** Task inputs follows **

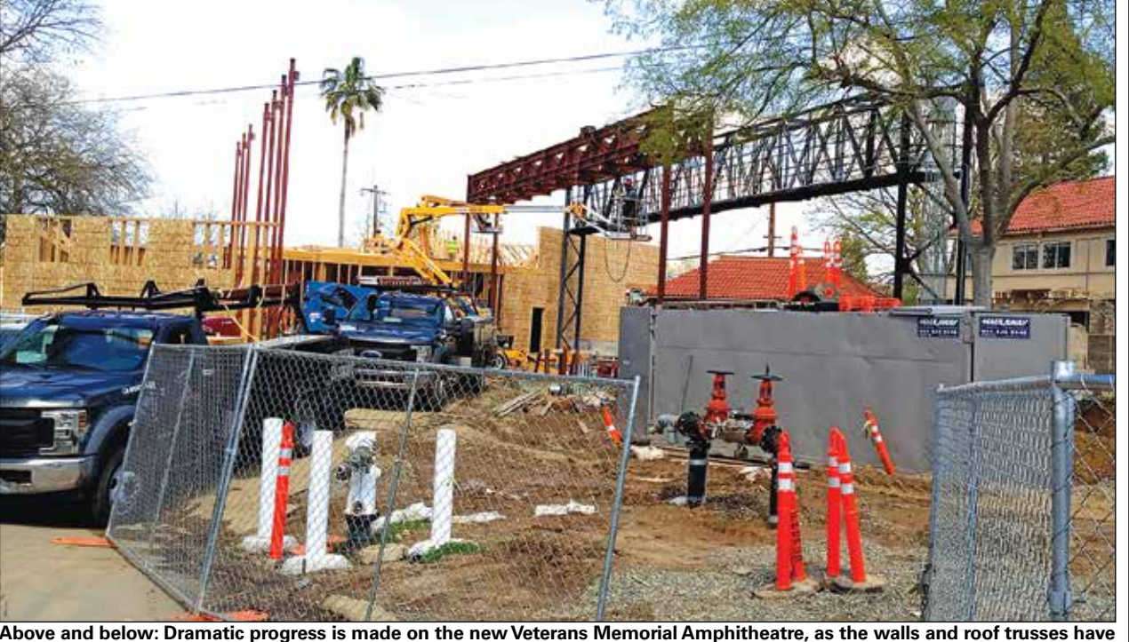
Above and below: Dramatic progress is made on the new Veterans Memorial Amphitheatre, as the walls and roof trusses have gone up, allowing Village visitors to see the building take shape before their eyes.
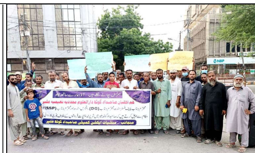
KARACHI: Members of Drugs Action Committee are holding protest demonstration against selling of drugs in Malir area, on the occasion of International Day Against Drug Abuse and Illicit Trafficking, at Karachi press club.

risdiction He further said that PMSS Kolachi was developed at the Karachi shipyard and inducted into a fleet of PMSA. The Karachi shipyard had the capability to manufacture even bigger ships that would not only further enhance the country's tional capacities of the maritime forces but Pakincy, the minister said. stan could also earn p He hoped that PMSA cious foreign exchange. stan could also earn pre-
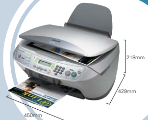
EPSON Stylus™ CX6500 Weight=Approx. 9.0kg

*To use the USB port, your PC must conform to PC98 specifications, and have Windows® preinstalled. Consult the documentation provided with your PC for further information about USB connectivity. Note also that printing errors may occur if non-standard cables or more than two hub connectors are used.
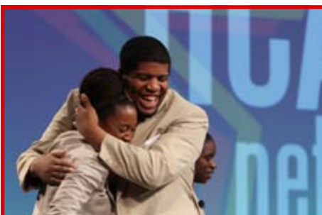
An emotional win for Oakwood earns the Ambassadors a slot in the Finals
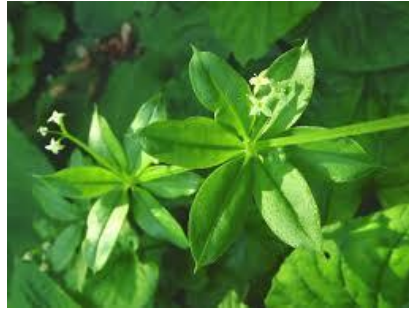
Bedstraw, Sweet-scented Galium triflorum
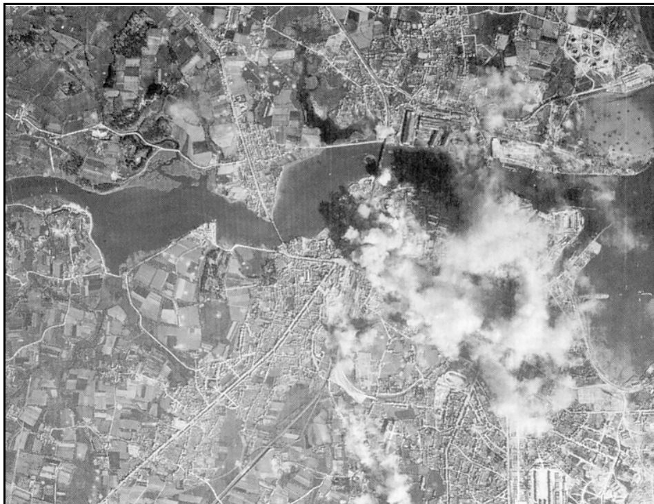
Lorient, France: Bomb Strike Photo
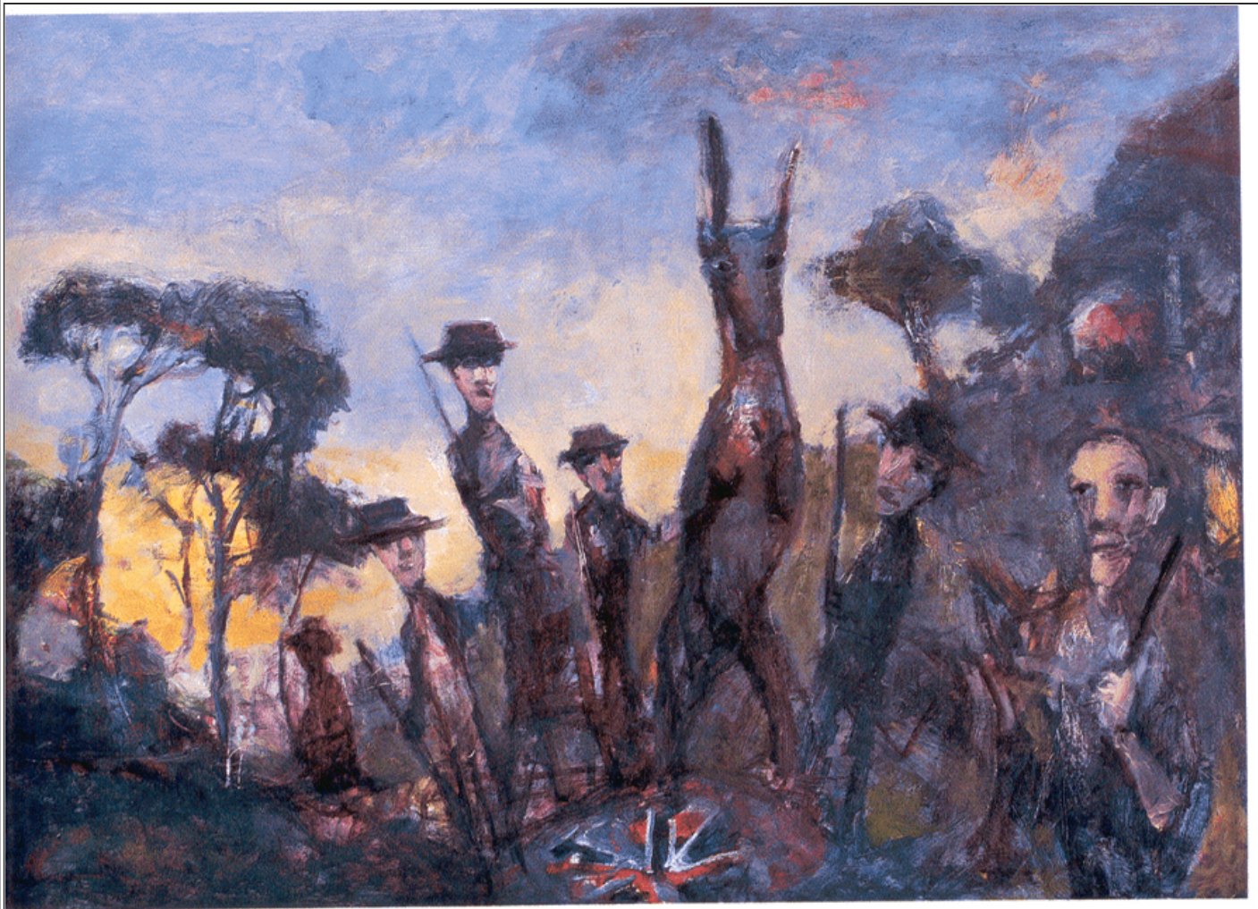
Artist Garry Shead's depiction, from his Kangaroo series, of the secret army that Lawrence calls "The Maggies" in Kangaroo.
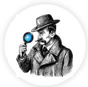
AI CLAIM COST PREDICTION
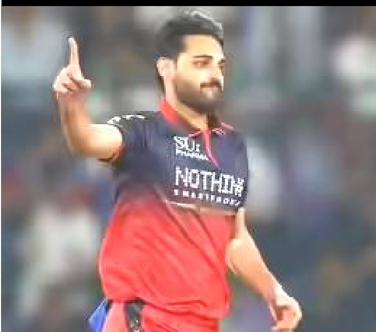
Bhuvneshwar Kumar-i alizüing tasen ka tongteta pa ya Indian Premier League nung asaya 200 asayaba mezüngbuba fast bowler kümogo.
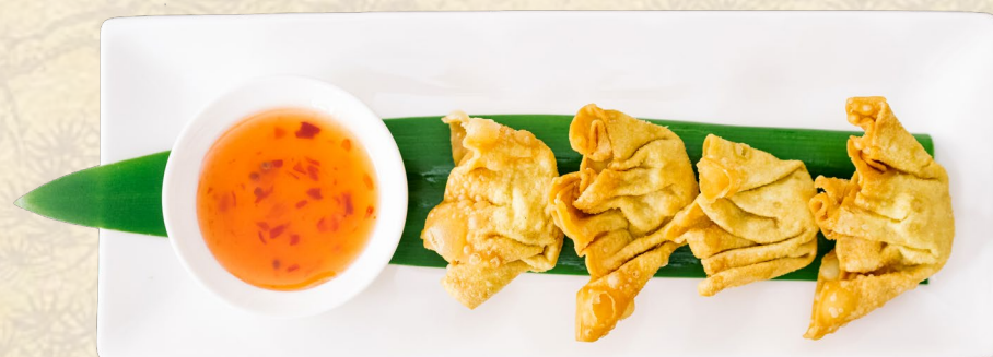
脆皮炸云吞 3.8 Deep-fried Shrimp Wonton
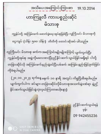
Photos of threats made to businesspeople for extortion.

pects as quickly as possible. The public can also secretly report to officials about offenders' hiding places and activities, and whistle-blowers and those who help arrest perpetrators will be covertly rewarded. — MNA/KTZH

** End of Task inputs **

Exercise objective ->
Nothing but the lines from the one containing "AI CLAIM COST PREDICTION" through the last line of the records above should appear, each repeated exactly, with no pictures.

Final answer ->
AI CLAIM COST PREDICTION
Bhuvneshwar Kumar-i alizüing tasen ka tongteta pa ya Indian Premier League nung asaya 200 asayaba mezüngbuba fast bowler kümogo.
脆皮炸云吞 3.8 Deep-fried Shrimp Wonton
Photos of threats made to businesspeople for extortion.

pects as quickly as possible. The public can also secretly report to officials about offenders' hiding places and activities, and whistle-blowers and those who help arrest perpetrators will be covertly rewarded. — MNA/KTZH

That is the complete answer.